Up to and including the line that holds "可定制服务主要体现在三个层面", print the data exactly from its first line; do not print the pictures.

DATA SEGMENT |
★ ★ ★ ★ ★ ★ ★
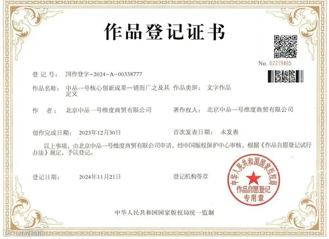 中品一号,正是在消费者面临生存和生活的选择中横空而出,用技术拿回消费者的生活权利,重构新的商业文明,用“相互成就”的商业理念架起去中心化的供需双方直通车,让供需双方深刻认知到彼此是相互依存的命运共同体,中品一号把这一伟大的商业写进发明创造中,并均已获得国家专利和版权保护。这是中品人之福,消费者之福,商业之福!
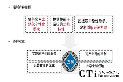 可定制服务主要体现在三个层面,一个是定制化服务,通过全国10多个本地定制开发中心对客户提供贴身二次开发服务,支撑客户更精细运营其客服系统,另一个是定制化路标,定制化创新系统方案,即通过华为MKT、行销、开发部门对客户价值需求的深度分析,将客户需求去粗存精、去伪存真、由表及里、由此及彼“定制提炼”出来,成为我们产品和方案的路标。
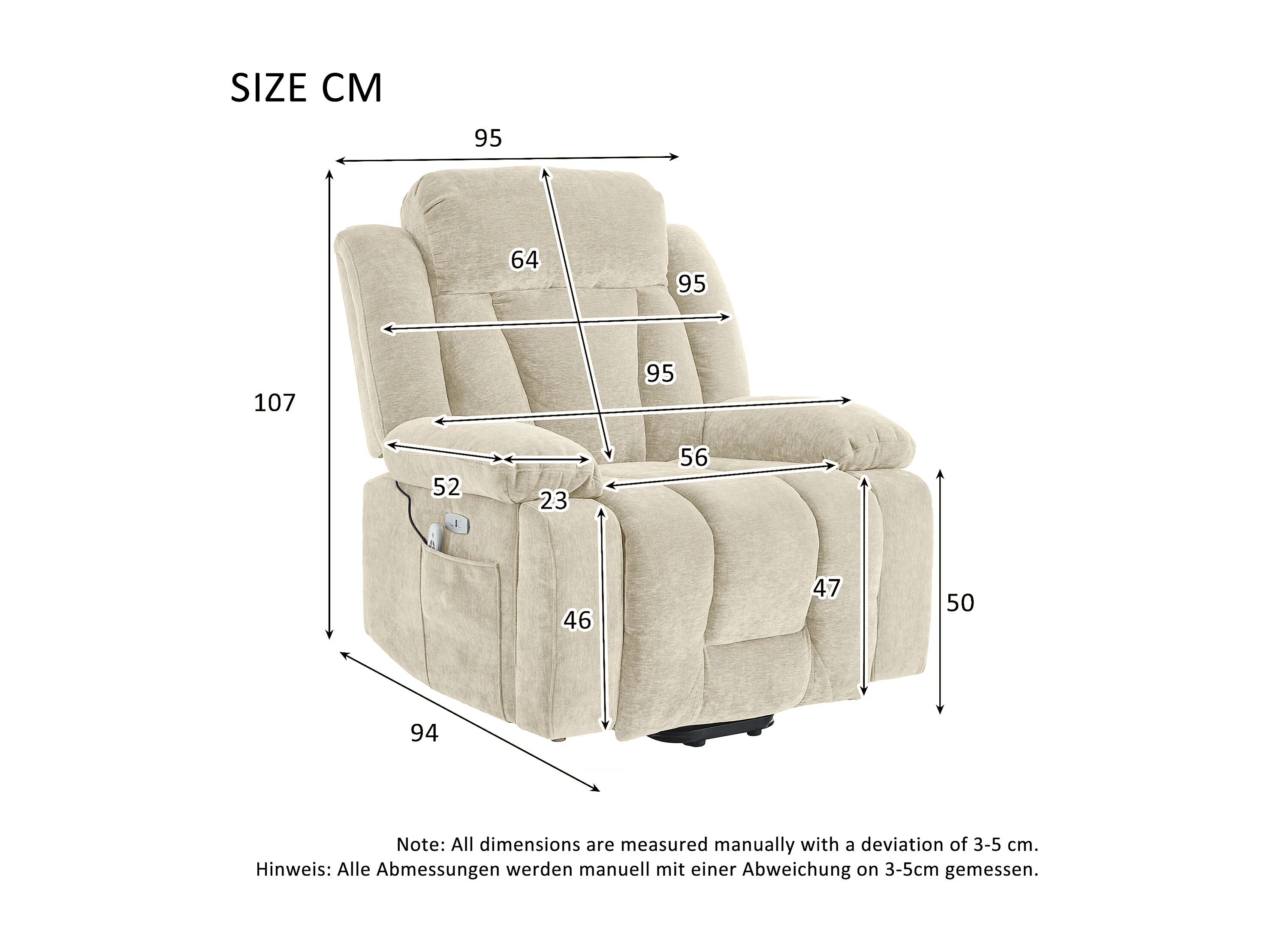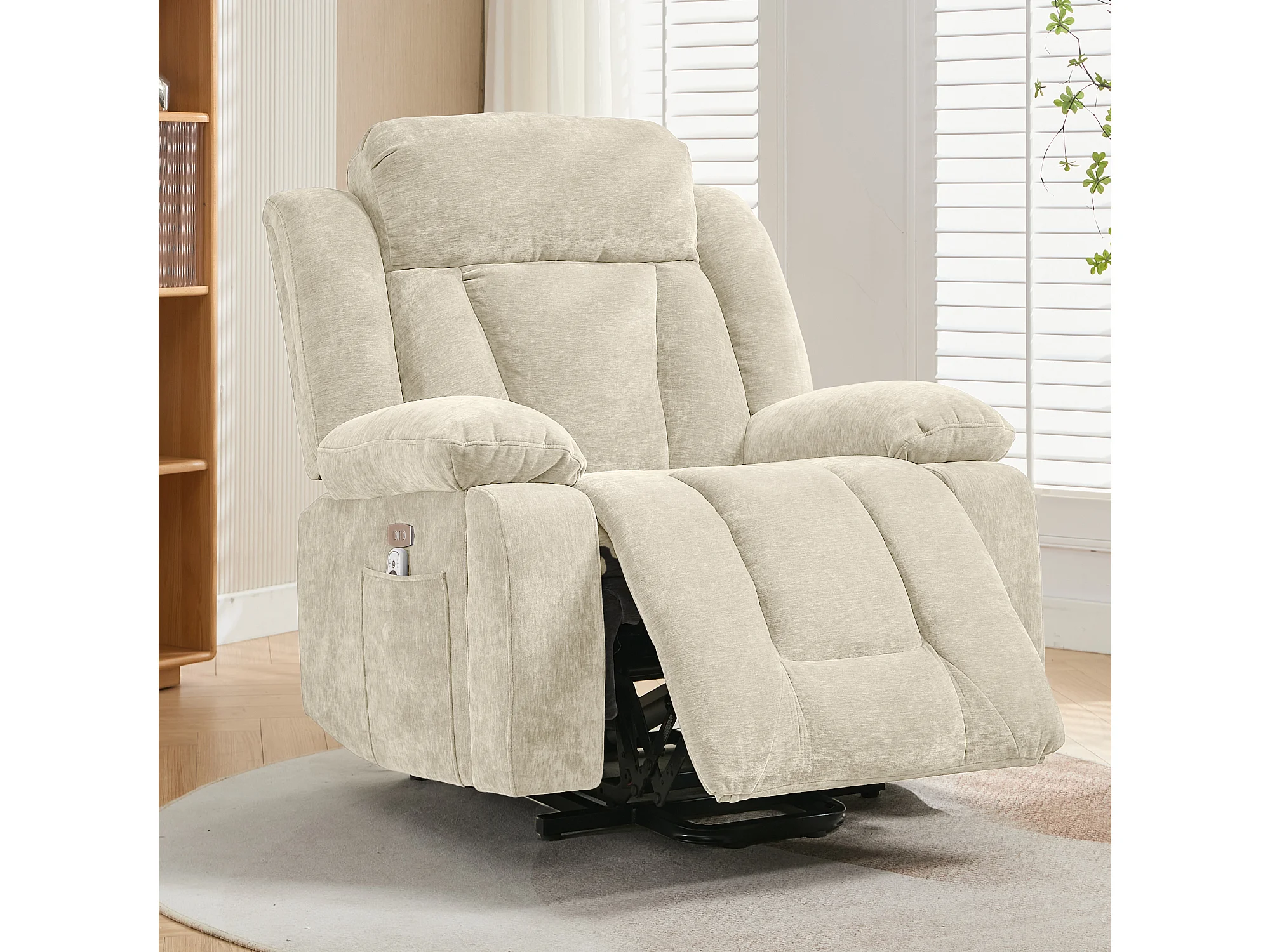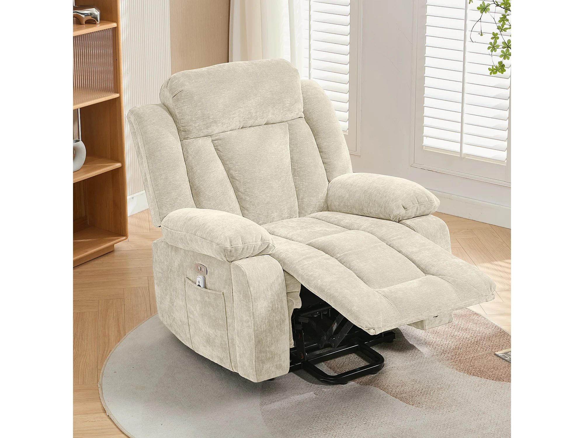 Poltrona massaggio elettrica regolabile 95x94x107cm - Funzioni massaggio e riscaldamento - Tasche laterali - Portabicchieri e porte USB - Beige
★ ★ ★ ★ ★ ★ ★
RESPONSE |
 中品一号,正是在消费者面临生存和生活的选择中横空而出,用技术拿回消费者的生活权利,重构新的商业文明,用“相互成就”的商业理念架起去中心化的供需双方直通车,让供需双方深刻认知到彼此是相互依存的命运共同体,中品一号把这一伟大的商业写进发明创造中,并均已获得国家专利和版权保护。这是中品人之福,消费者之福,商业之福!
 可定制服务主要体现在三个层面,一个是定制化服务,通过全国10多个本地定制开发中心对客户提供贴身二次开发服务,支撑客户更精细运营其客服系统,另一个是定制化路标,定制化创新系统方案,即通过华为MKT、行销、开发部门对客户价值需求的深度分析,将客户需求去粗存精、去伪存真、由表及里、由此及彼“定制提炼”出来,成为我们产品和方案的路标。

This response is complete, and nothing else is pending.